→ **TASK BRIEF**
Your task is to return, word for word, only the lines from the line with "building on the" through the close of the data. Exclude all pictures.

→ **PROVIDED MATERIAL**

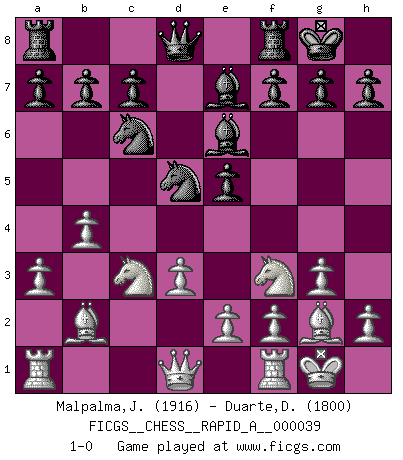 Last move : 1-0 2008 March 20 16:47:45 [Event "FICGS__CHESS__RAPID_A__000039"] [Site "FICGS"] [Date "2008.02.07"] [Round "1"] [White "Malpalma,Joaquim"] [Black "Duarte,Duarte Nuno"] [Result "1-0"] [WhiteElo "1916"] [BlackElo "1800"] 1.c4 e5 2.Nc3 Nf6 3.Nf3 Nc6 4.g3 d5 5.cxd5 Nxd5 6.Bg2 Nb6 7.O-O Be7 8.d3 O-O 9.a3 Be6 10.b4 Nd5 11.Bb2 1-0 This chess game has been lost on time (started : 2008.02.07 4:57:7) English Opening Kingside Castling by player White (move 7) Kingside Castling by player Black (move 8) Player White won this chess game. Follow this game move after move (download)You cannot play at Chess if you are kind-hearted. (French Proverb) Heutzutage gewinnt im Turnier nicht derjenige Spieler, der weitreichende Pläne entwirft, sondern einfach jener, der Zug um Zug kämpft. (David Bronstein) El Ajedrez es imaginación. (David Bronstein) Echiquier : carré parfait, comme la Jérusalem nouvelle décrite par l'auteur de l'Apocalypse, huit cases sur huit, exaltation du chiffre 4, symbole du cosmos aux quatre horizons... où le noir et le blanc, l'ombre et la lumière, le mal et le bien s'entremêlent et se conjuguent. (Robert Couffignal, Le Gambit du poète) A clear conscience is usually the sign of a bad memory. (Unknown)
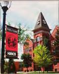 The iconic "Old Main" building on the North Dakota State College of Science campus shines brightly for all to see in this stunning photo. Canvas print measures 16"x20".
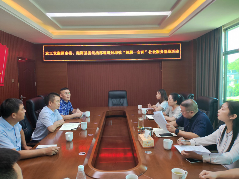 9月6日农工党湘潭市委会和中共湘潭县委统战部对射埠镇“深耕一亩田”农工党中央社会服务基地开展调研座谈活动。中共湘潭县委常委、统战部部长胡明伟,农工党湘潭市委会专职副主委姚宏,“深耕一亩田”农工党中央社会服务基地负责人邓述东等参加调研。
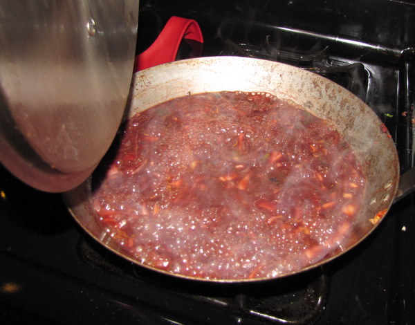 This was also weird because you can use red OR white wine, and I used the leftover red wine from book club. But it made my dish look completely different from the one on Food Network, so they must have used white.

→ **SOLVED EXERCISE**
 The iconic "Old Main" building on the North Dakota State College of Science campus shines brightly for all to see in this stunning photo. Canvas print measures 16"x20".
 9月6日农工党湘潭市委会和中共湘潭县委统战部对射埠镇“深耕一亩田”农工党中央社会服务基地开展调研座谈活动。中共湘潭县委常委、统战部部长胡明伟,农工党湘潭市委会专职副主委姚宏,“深耕一亩田”农工党中央社会服务基地负责人邓述东等参加调研。
 This was also weird because you can use red OR white wine, and I used the leftover red wine from book club. But it made my dish look completely different from the one on Food Network, so they must have used white.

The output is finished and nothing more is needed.